I recently saw that a discrimination lawsuit had been filed involving a defense that sex was a bona fide occupational qualification (BFOQ) for restaurant servers (Rafael Ortiz v. DMD Florida Restaurant Group, 2016).  I immediately thought of the Hooters cases that are part of the I-O lore and thought that this might be a good time to review these restaurant BFOQ cases. This discussion is limited to restaurant cases for two reasons: (a) They are the most interesting, and (b) a review of the other cases (e.g., sex as a BFOQ for prison guards1 or home health attendants) would far exceed the TIP space limitations and probably the readers’ attention span as well.2  

 

Before I get into the case review, however, I want to review the definition of a BFOQ and provide additional context around the BFOQ defense.

 

The BFOQ Defense

In the United States, Title VII of the Civil Rights Act of 1964 prohibits employment discrimination on the basis of race, sex, color, religion, and national origin. The BFOQ exception in Title VII states that discrimination is illegal except, “in those certain instances where religion, sex, or national origin is a bona fide occupational qualification reasonably necessary to the normal operation of that particular business or enterprise.” The courts have opined that an employer using the BFOQ defense must demonstrate that it “had reasonable cause to believe that all (class members) would be unable to perform the job safely and efficiently or that it was impossible or highly impractical to consider the qualifications of each” (Cavico & Mujtaba, 2016).

 

Before describing the restaurant cases, it is important to understand the difference between a BFOQ case and the “typical” sex discrimination case.  In a BFOQ case,3 the defendant does not deny that it only hires women (or men) for a particular position but instead argues that only members of a particular sex can perform the job.  Such cases must be distinguished from those in which the restaurant doesn’t want to hire applicants of a particular sex (e.g., EEOC v.
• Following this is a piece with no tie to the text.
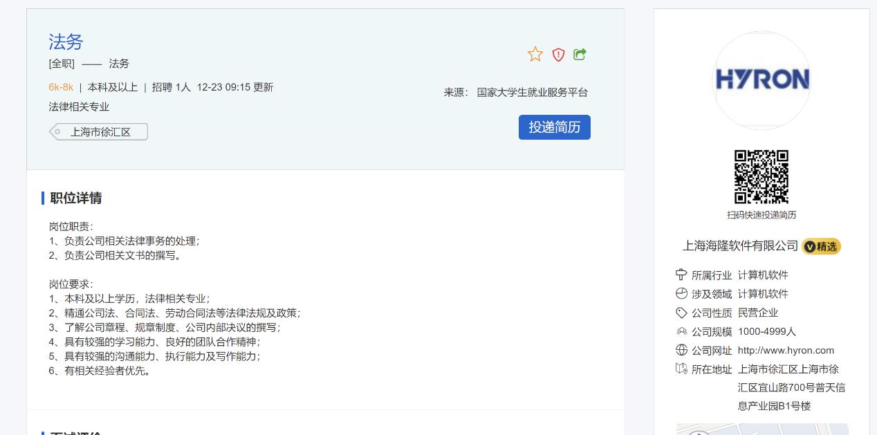 (一)岗位职责:1、负责公司相关法律事务的处理;2、负责公司相关文书的撰写。
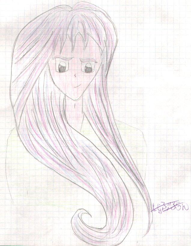This is a drawing from my sister from a girl with purple hair, she kinda reminds me like Jesse from Pokémon.

Jillian’s, 2003; EEOC v. Palm Management Corp., 2003; EEOC v. Parker Palm Springs Hotel, 2007; EEOC v. Razzoo’s, 2008).

 

EEOC v. Joe’s Stone Crab, Inc. (2002) provides an excellent example of a case that occasionally is incorrectly cited as a BFOQ case.  In 1991, Joe’s Stone Crab was a fourth-generation, family-owned seafood restaurant in Miami. From 1950 until the EEOC filed its sex discrimination complaint in 1991, the server positions were almost exclusively filled by men. Following the EEOC’s complaint, Joe’s hired 19 female servers (out of 88) from 1991 to 1995.  This is not a BFOQ case because Joe’s never argued that women could not do the job, but rather Joe’s historically preferred male servers to “emulate Old World traditions.” In fact, the EEOC’s allegation was that “Joe’s reputation for hiring only male food servers resulted in almost no women actually applying for food server positions at Joe’s.”4 

 

Understanding the nuanced nature of the BFOQ defense, let’s now turn to the restaurant case review. I will begin with the case that sparked my renewed interest in the topic (Rafael Ortiz v. DMD Florida Restaurant Group, 2016), then turn to other notable cases on the topic.5

 

The Current Case

On June 29, 2016, a lawsuit was filed against a Twin Peaks Restaurant in Davie, Florida (Rafael Ortiz v. DMD Florida Restaurant Group, 2016).  For those unfamiliar with the Twin Peaks chain, it is a “breastaraunt” (a term with which I was unfamiliar prior to writing this article) that is apparently similar to a Hooters although its specialty is “comfort food” rather than wings and its theme is “alpine” rather than owls.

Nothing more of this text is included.